I'm implementing a Dataflow pipeline that reads messages from Pubsub and writes TableRows into BigQuery (BQ) using Apache Beam SDK 2.0.0 for Java.

This is the related portion of code:

 tableRowPCollection
            .apply(BigQueryIO.writeTableRows().to(this.tableId)
                .withCreateDisposition(BigQueryIO.Write.CreateDisposition.CREATE_NEVER)
                .withWriteDisposition(BigQueryIO.Write.WriteDisposition.WRITE_APPEND));

This code generates a group of tasks under the hood in the Dataflow pipeline. One of these tasks is the GroupByKey. This task is accumulating elements in the pipeline as can be seen in this print screen: GBK elements accumulation image. After reading the docs I suspect that this issue relates to the Window config. But I could not find a way of modifying the Window configuration since it is implicitly created by Window.Assign transform inside the Reshuffle task.

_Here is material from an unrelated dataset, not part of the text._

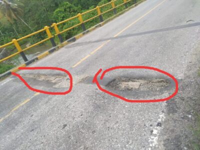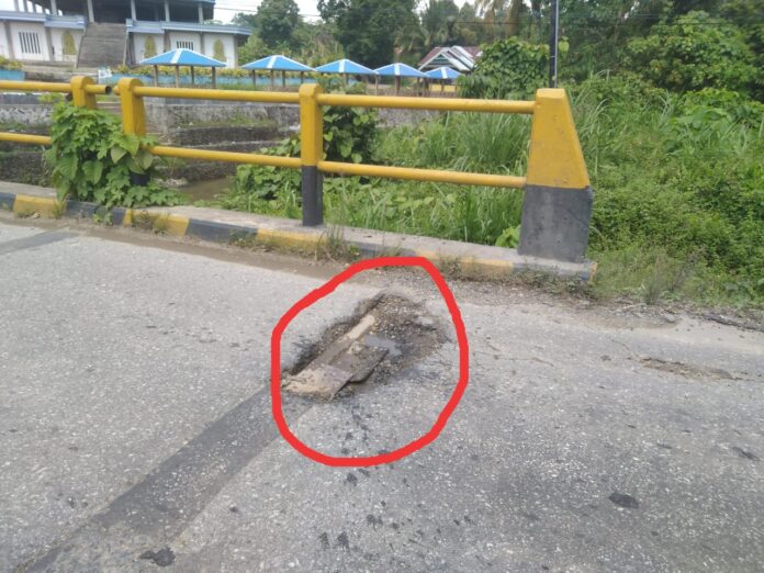 Luwu Timur, batarapos.com – Lubang jalan yang berada pada dua sisi sambungan badan Jembatan Desa Burau, kecamatan Burau, Kabupaten Luwu Timur dengan Kabupaten Luwu Utara mengancam jiwa setiap pengguna jalan.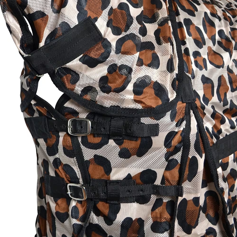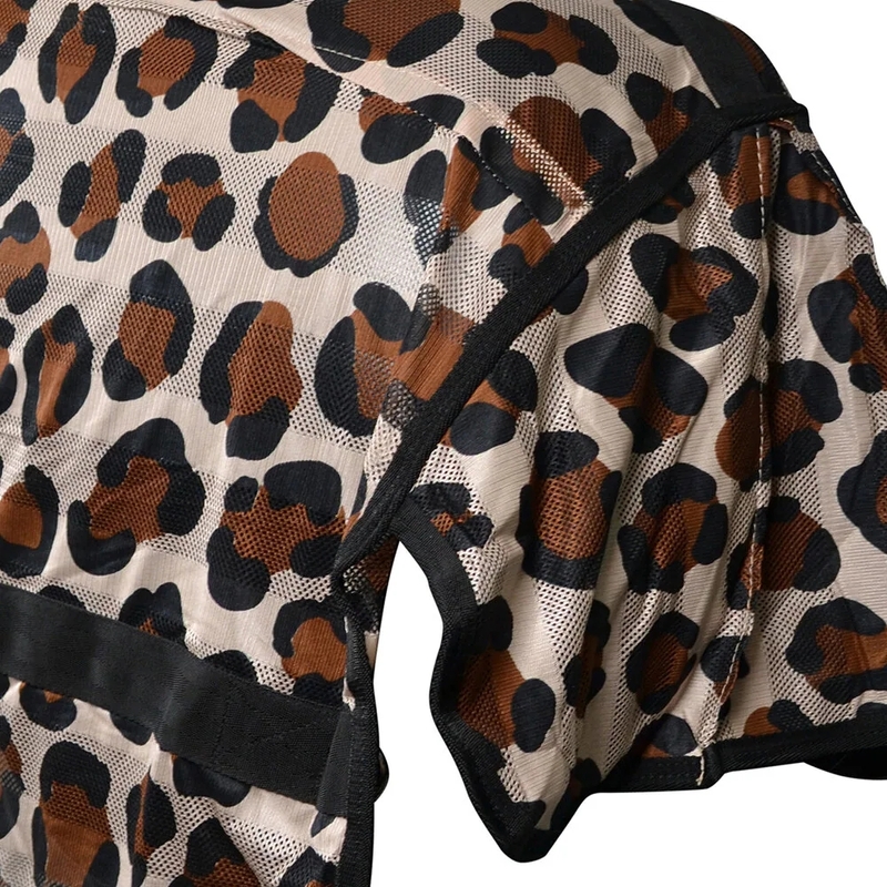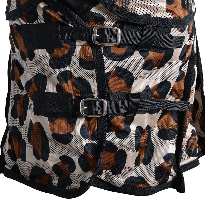 Flugtäcke i 100% polyester mesh med lekfullt leopardmönster. Nylonfoder i bogpartiet för att motverka skav. Dubbla justerbara frontspännen, bogveck, bensnören och svansrem. Fast kombohals som försluts med kardborre under hals och nacke.

Is there a way of setting the window parameters and/or attaching triggers to this implicit Window or should I create my own DoFn that inserts a TableRow in BQ?

Thanks in advance!


[Update]

I left the pipeline running for a day approximately and after that the GroupByKey subtask became faster and the number of elements coming in and coming out approximated to each other (sometimes were the same). Furthermore, I also noticed that the Watermark got closer to the current date and was increasing faster. So the "issue" was solved.

1
What is the issue? GroupByKey groups the values associated with a specific key. As such, if you have N keys, you would expect N elements coming out of the GroupByKey. What you have described sounds like it is working as intended.Ben Chambers
@BenChambers The point is that I don' t want to wait too long to insert the data in BQ. I 'd like to choose the trigger to be used in this sub task.Carlos Baqueta

1 Answers

0
votes

There isn't any waiting introduced by the Reshuffle in the BigQuery sink. Rather, it is used to create the batches for of rows to write to BigQuery. The number of elements coming out of the GroupByKey is smaller because each output element represents a batch (or group) of input elements.

You should be able to see the total number of elements coming out as the output of the ExpandIterable (the output of the Reshuffle).